Facilitator: Zachary Loeb, CETLI Graduate Fellow, HSS
Convener: Professors Sebastián Gil-Riaño, Ramah McKay, Elly Truitt of Penn's HSS department and Myrna Perez Sheldon and Don Opitz (chairs of the History of Science Society’s Diversity and Inclusion Committee)

Description: From anthropogenic climate change to the resurgence of xenophobic authoritarian politics to a world still in the throes of a pandemic that has magnified long-existing social inequalities—academic disciplines are confronting a world that is often literally on fire. What’s more, in this moment in history, many disciplines are reckoning with the ways in which their fields may have contributed to (and contribute to) these ongoing crises.

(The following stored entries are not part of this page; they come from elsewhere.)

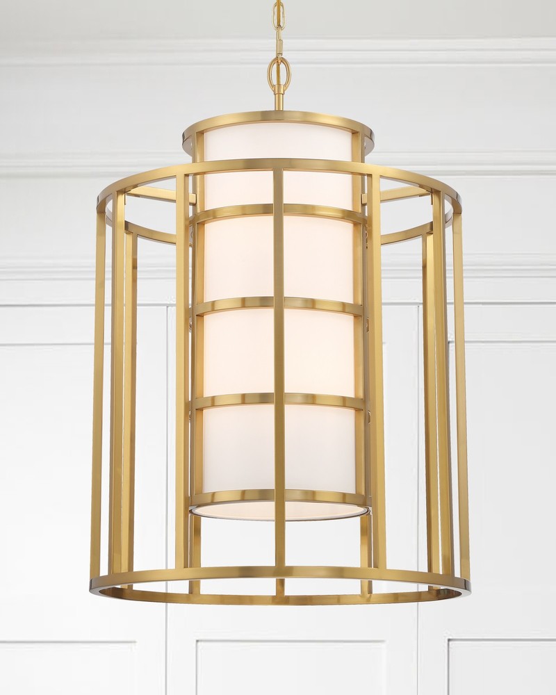 Bring style and substance to your favorite indoor space with Brian Patrick Flynn's Hulton Collection. Inspired by the shape and scale of classic drum chandeliers, the Hulton Collection adds a unique geometric twist to the category by incorporating a shade-less metal drum form around the perimeter of the inner white silk drum shade. With its strong sculptural qualities and bold graphic lines, the Hulton Collection is the perfect statement piece for any room.
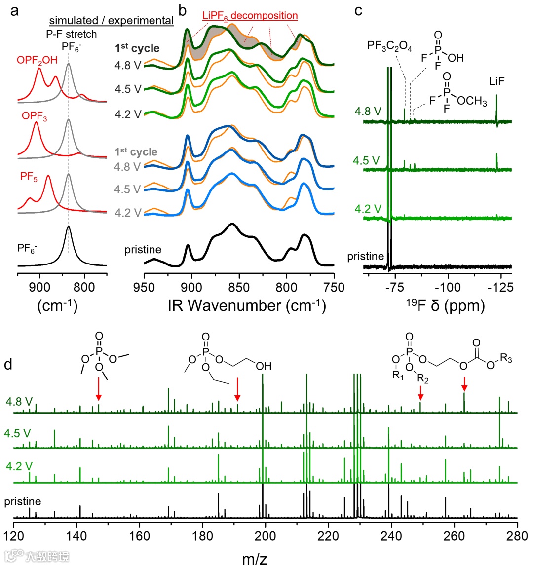 图4. (a)相关PF6-衍生物种的DFT-模拟的红外结果;(b)不同电压下NMC622的DRIFT光谱图(P-F振动区域)。(c)不同工作电压循环后的NMC622/Li半电池中提取的电解液的19F谱以及(d) ESI-HRMS谱(超纯水作为萃取剂)。
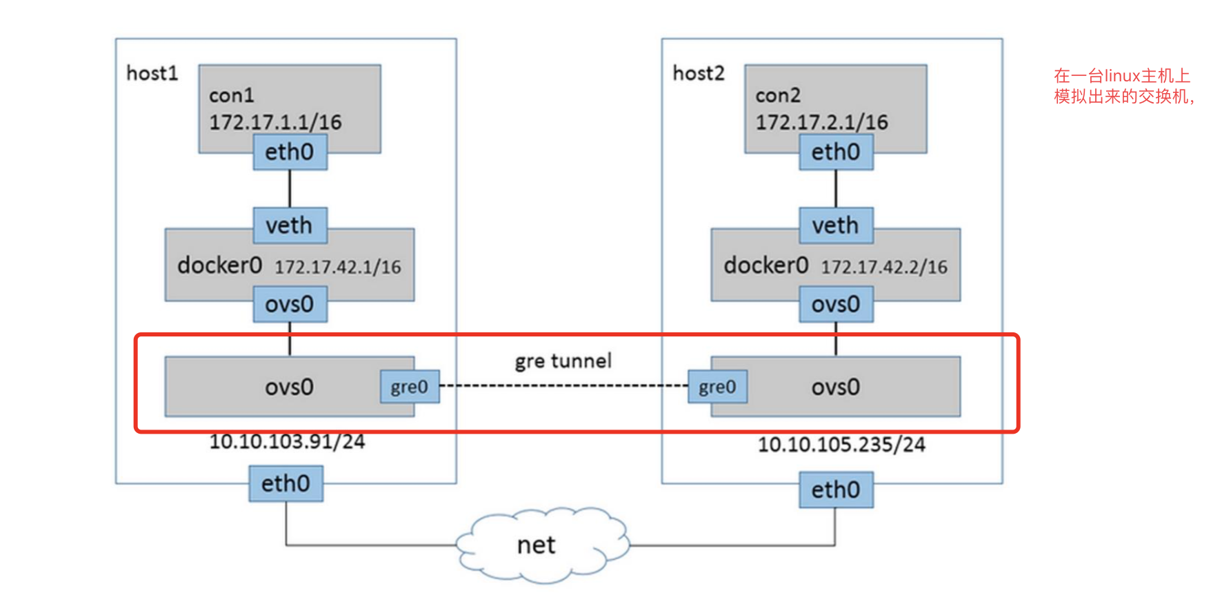 这种方法,docker的私有网络包,被封装到了一个已有的物理网络上,外面是看不到的。
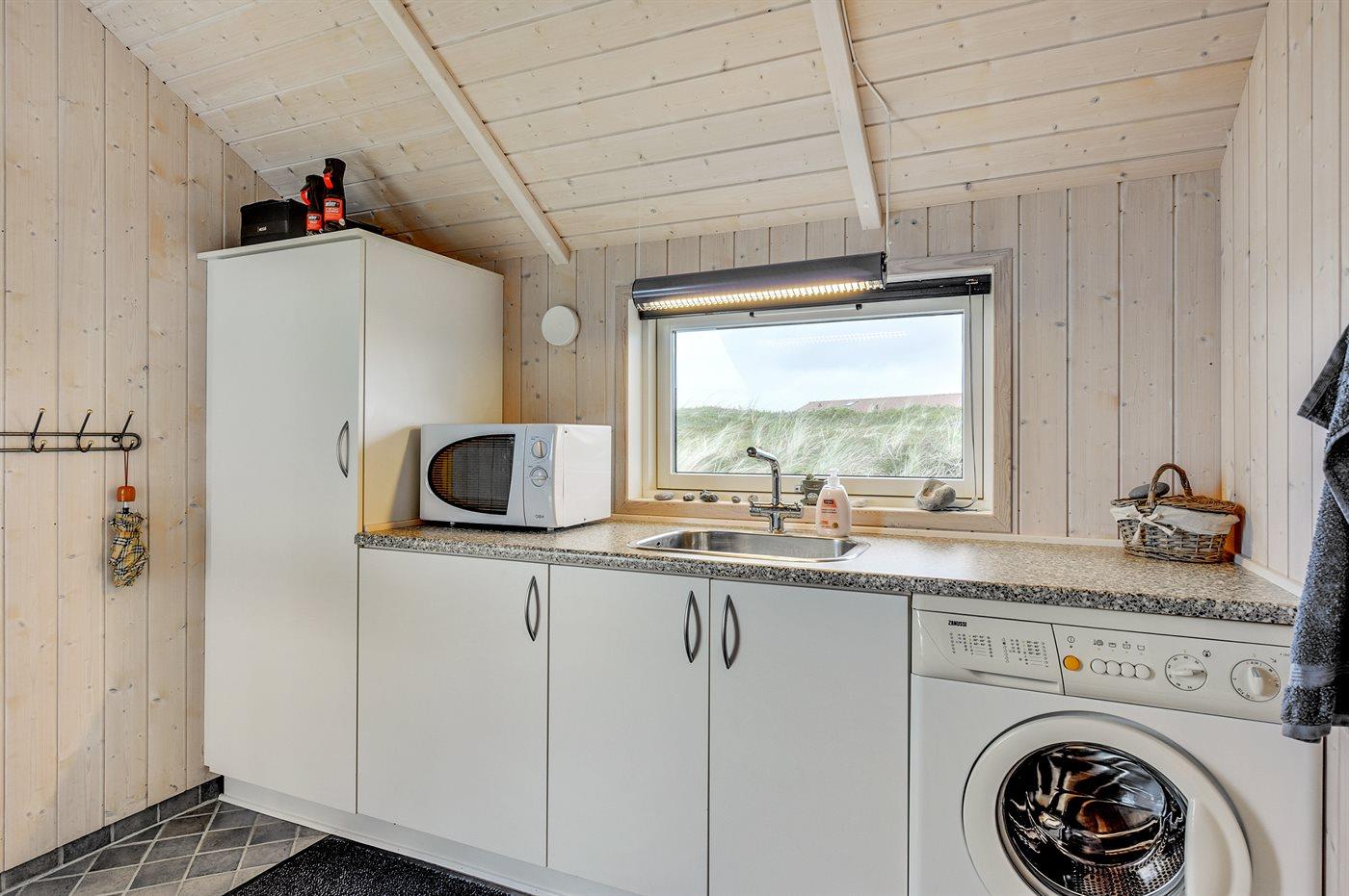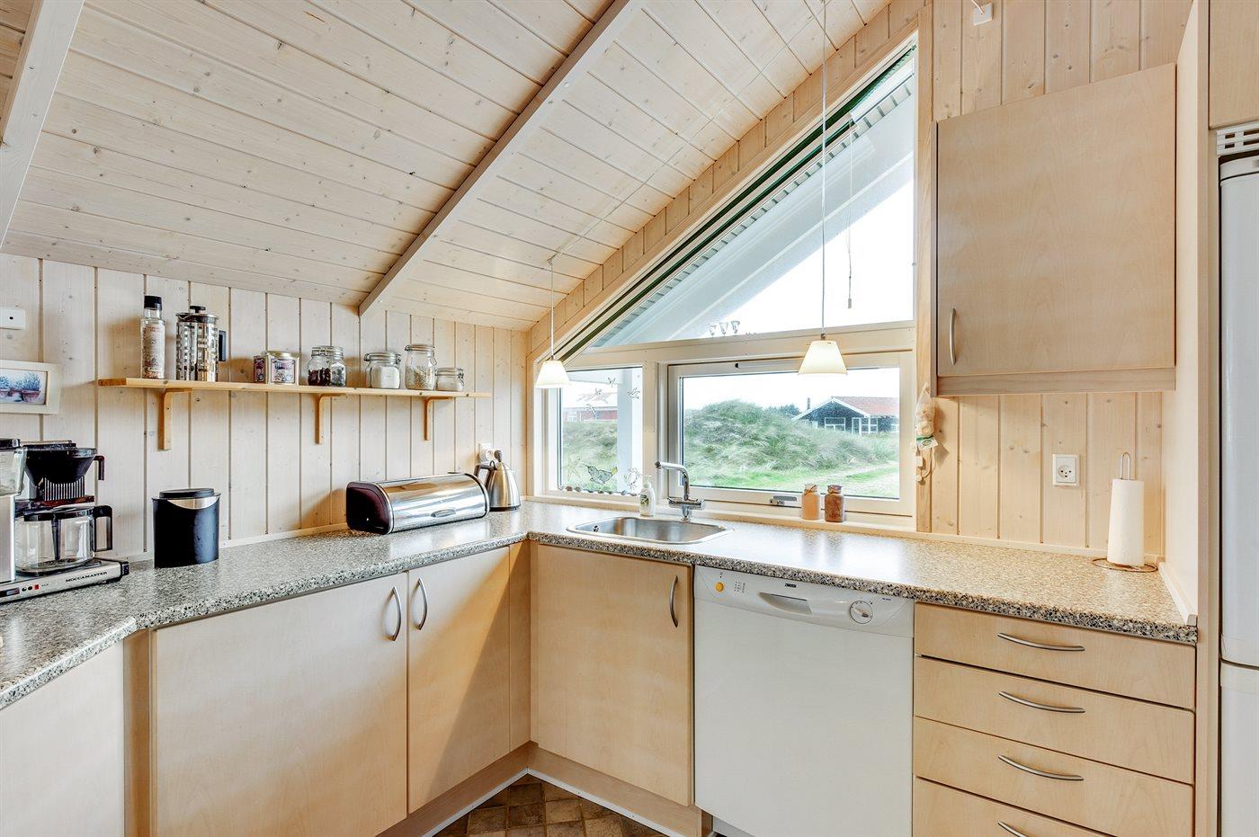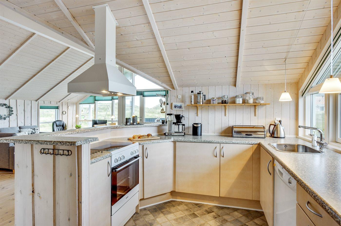 Køkkenet er udstyret med 1 køleskab. Der er 4 keramiske kogeplader, varmluftovn, mikrobølgeovn samt opvaskemaskine.
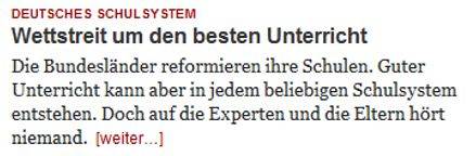 (um ausnahmsweise mal die "Zeit" zu zitieren, die ansonsten die Speerspitze des bildungspolitischen mainstreams ist; und auf die vermeintlichen "Experten" pfeife ich ja sowieso).

In some cases, the question is not only what a discipline should do, or be; the question is also how to confront the imperialist and racist ideologies that often rest at the very foundation upon which a discipline sits and thus how (and where) to activate decolonizing alternatives. While these discussions can at times feel abstract, for instructors working to design classes, construct syllabi, and teach students, the syllabus and the classroom provide opportunities to put these questions into practice.

Counts toward the CETLI Teaching Certificate. This event grows out of concerns in the History and Sociology of Science department and so may be most useful to students in related fields.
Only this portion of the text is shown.